The latest chapter in the decades-long debate over the ideal use of the Point Reyes National Seashore may come to a close in the coming months as the National Park Service prepares to release an updated usage plan for the park.
The document will determine how the park lands will be split between wildlife preservation and cattle ranching interests in the coming decades. To put it too simply, it’s a battle between cows and elk.
Tule elk were once common throughout California. By the late 1800s, however, over-hunting had severely depleted their population.
Due to a little luck—in 1874, a rancher in the Central Valley spared a few elk sheltering on his property—the elk were saved from extinction. In 1962, the National Park Service established the Point Reyes National Seashore and, in 1978, the Park Service relocated 10 elk from the Central Valley to Tomales Point, a 2,600 acre fenced-in section of the park designated for use by the elk.
The elk began to recover and soon spread out of their designated area onto nearby Park Service lands where ranching is allowed. This resulted in a conflict that has existed ever since: What is the primary purpose of National Parks land, and how should the elk and cows on it be managed?
During the drought years between 2012 and 2014, 250 elk on Tomales Point died, according to a 2015 KTVU report.
“It’s very likely that all of those elk died of thirst during the drought because there are no natural water sources where they’re penned in,” Jeff Miller, an advocate with the Center for Biological Diversity, told the news station.
In 2016, the Resource Renewal Institute, a Marin County environmental think tank, sued the Parks Service over its failure to update its general management plan with a new environmental-impact study. The group also accused the Parks Service of “mismanagement” of the Point Reyes National Seashore.

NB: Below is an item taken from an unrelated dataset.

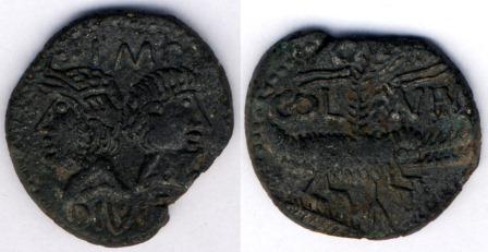 Superbe imitation gauloise d'un As de Nimes dans un bronze de qualité... Sortie telle que lors de mon dernier séjour en Alsace devant les yeux ébahis de mon cher frère. Dans cet état c'est exceptionnel par chez nous...
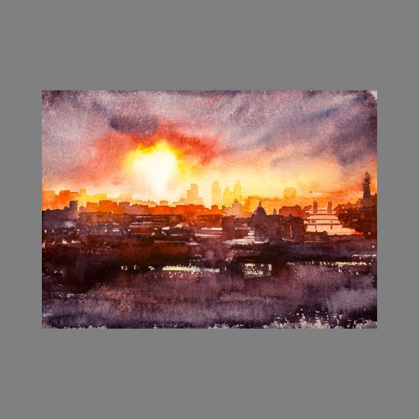 Looking out towards the distant depths of the city, London's iconic skyscrapers rise faintly through the sunset haze.

In 2018, as a result of the lawsuit, the Park Service began crafting a new plan to regulate the future uses of the Point Reyes National Seashore lands currently leased to ranchers. In addition to creating the new plan, the Park Service is also required to study the possible environmental impacts of the new plan.
The Park Service’s preferred plan, Alternative B, would, among other things, extend ranching leases for 20 years—current leases are five years long—and require the Park Service to limit the population of adult elk on Drakes Beach to 120 by culling any excess animals.
The agency is expected to release a final version of the new plan in Spring 2020. Once the document is released, members of the public will have 30 days to comment before it is sent to the Park Service’s regional director for final approval.
If you’d like to learn more about the proposed plans, tune into the event below or visit www.nps.gov/pore.
A group of conservationists, biologists, film-makers and local leaders will host a panel discussion at 6pm on April 29. Find more information and RSVP at www.pointreyesrewild.org/events.
Wow. Talk about a load of … misinformation.
No, the elk transported to the Point Reyes Peninsula did not “soon spread out of their designated area.”
The Park Service MOVED them out of their preserve after decades of being limited to it by fencing and a cattle guard on the road. Being confined there, their population DID outgrow the resources available, but that was completely predictable and had they been culled on a responsible basis not so many would have died during the drought. Hunters would have been willing to pay quite substantial fees, I would think, which could have been used for habitat restoration throughout the Seashore. And the drought did not just affect the elk preserve, it affected the entire Seashore. Had the elk had full run of it, without ranching providing stock ponds, it is reasonable than many MORE would have died.
In short, this is not a “news” article. It is a thinly veiled opinion piece casting cattle ranching as the bad guy. The publisher should be ashamed.